Entre el 31 de octubre y el 12 de noviembre de 2021 se realizó la vigesimosexta Conferencia de las Partes (COP, por sus siglas en inglés) de las Naciones Unidas sobre el Cambio Climático en Glasgow, Escocia. Su nombre, “Conferencia de las Partes”, no le hace honor al histórico propósito del encuentro: enfrentar la destrucción inminente del régimen climático en el que se ha desarrollado la especie humana desde sus orígenes. La frase “cambio climático” tampoco transmite la magnitud, rapidez ni potencial catastrófico del fenómeno en cuestión: un colapso ecológico planetario, que implica no sólo la alteración del clima sino también la acidificación de los océanos, el deshielo de los polos (con el consecuente hundimiento de las costas) y la sexta extinción masiva de especies en la historia de la Tierra.

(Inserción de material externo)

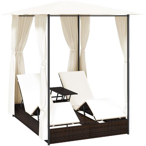 Lusso Casadino - Lettino Prendisole Doppio Con Tende In Polyrattan Marrone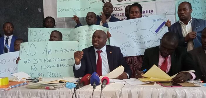 Abasomesa ba Ssaayansi abeegattira mu kibiina ki Uganda Professional Science Teachers Union (UPSTU) balabudde nti singa tebaweebwa nsimbi zaabwe obuwumbi 110 ezaabasuubizibwa bakuyimiriza emirimu. Bawadde nsalessale wa nga 9 omwezi ogujja May 2022.

Las “Partes” son 197 países tan distintos como las diminutas naciones insulares de Barbados y Tuvalu, cuya existencia está directamente amenazada por el aumento del nivel del mar, y China y Estados Unidos, responsables de casi la mitad de las emisiones de CO2 del mundo: en China, donde se fabrican mercancías de exportación global, se emite 30% y en Estados Unidos, donde vive buena parte de la población más rica y consumista, 15%. El criterio socioeconómico es mucho más influyente que el geopolítico al hablar de las emisiones de gases de efecto invernadero (GEI), pues el 16% más rico es responsable del 38% de todas las emisiones, mientras que la mitad menos adinerada emite menos del 50% del carbono.[1]

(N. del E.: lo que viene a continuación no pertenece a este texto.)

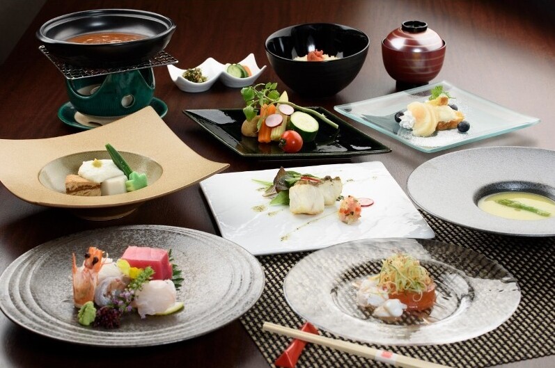 宿のコンセプトは“里山のオーベルジュ”。夕食では、地元・大子町をはじめ茨城県産の旬の食材をふんだんに盛り込んだ創作和食を堪能できます。前菜、椀物、お造りから始まり、野菜料理、 魚料理、肉料理へと続く全10品のお料理は、いずれも季節感にあふれていて滋味豊か。器や盛り付けも美しく、目と舌で茨城の自然の恵みを存分に堪能できます。
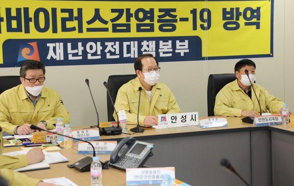 안성시가 시장 권한대행 이춘구 부시장 이하 재난대책본부 관계자 20여명이 참석한 가운데, 안성시청 3층 재난상황실에서 코로나19 지역 사회 차단 관련 비상대책회의를 가졌다.
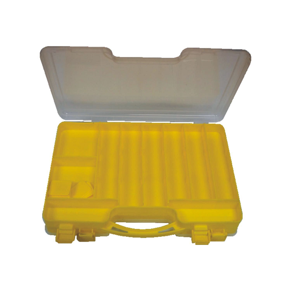 Κασετίνα ψαρέματος με χωρίσματα για οριζόντια διάταξη. Η κασετίνα διαθέτει δύο επίπεδα (πάνω και κάτω) και ανοίγει και από τις δύο πλευρές.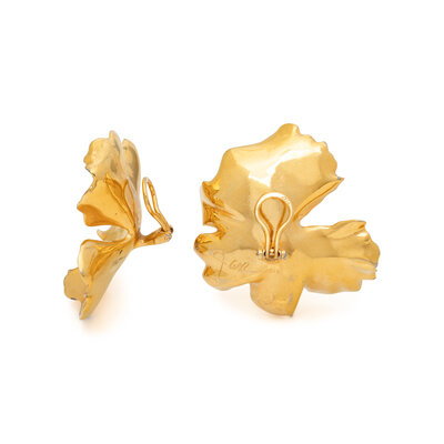 Bright finish golden aluminum with 18k yellow gold clip backs. 2 inches long.

En vista de estas enormes disparidades, la COP debería enfocarse en exigirles a esos países y élites que disminuyan sus emisiones drásticamente. Sin embargo, el Pacto Climático de Glasgow, el documento insignia de esta cop, no habla explícitamente de Estados Unidos, China, Europa ni las minorías pudientes del globo, sino de países “desarrollados” y “en desarrollo”, del “multilateralismo”, la “humanidad”, los “pueblos indígenas” y las “comunidades locales”. Al no señalar ni confrontar a los agentes principales de la carbonización atmosférica, la diplomacia climática de la COP funciona más como un evento de ecoblanqueamiento internacional que como una verdadera asamblea de estados comprometidos con evitar la catástrofe del ambiente.
2. Relevo generacional
¿Cómo se podría hacer más eficaces estas conferencias climáticas? Quizá a través de un relevo generacional en sus participantes. La secretaria ejecutiva de la Convención, por ejemplo, es la excanciller mexicana Patricia Espinosa, que en su discurso de inauguración se refirió al cambio climático como “el asunto más crítico que enfrentan esta generación y aquéllas por venir”. No quiero ser grosero con mi compatriota, pero la verdad es que ella y yo no pertenecemos a la misma generación (ella podría ser mi madre y, si lo fuera, tal vez me habría invitado a Glasgow y me habría codeado con personalidades de otras generaciones como el nonagenario David Attenborough o la centennial Greta Thunberg). Al hablar de “esta generación” quizá Espinosa se refería específicamente a la suya, la que tiene más de sesenta años y que ostenta el liderazgo político y económico de la mayoría de las instituciones mundiales (desde emporios capitalistas como BlackRock, gobernado por un sujeto de 69 años, hasta reinos petroleros como Arabia Saudita, cuyo rey tiene 85, igual que el director de la Comisión Federal de Electricidad en México). Al día siguiente de la inauguración de la COP, Boris Johnson se refirió explícitamente en su discurso al monopolio generacional de la conferencia: “Mis colegas líderes, no quiero ser muy sutil en este punto: mientras nosotros hablamos sobre lo que vamos a hacer en 2050 o 2060, no creo que a las multitudes de jóvenes allá afuera ni a los miles de millones que nos observan alrededor del mundo (la mitad de la población tiene menos de treinta años) se les escape que la edad promedio de este cónclave de cardenales es sesenta años”.[2]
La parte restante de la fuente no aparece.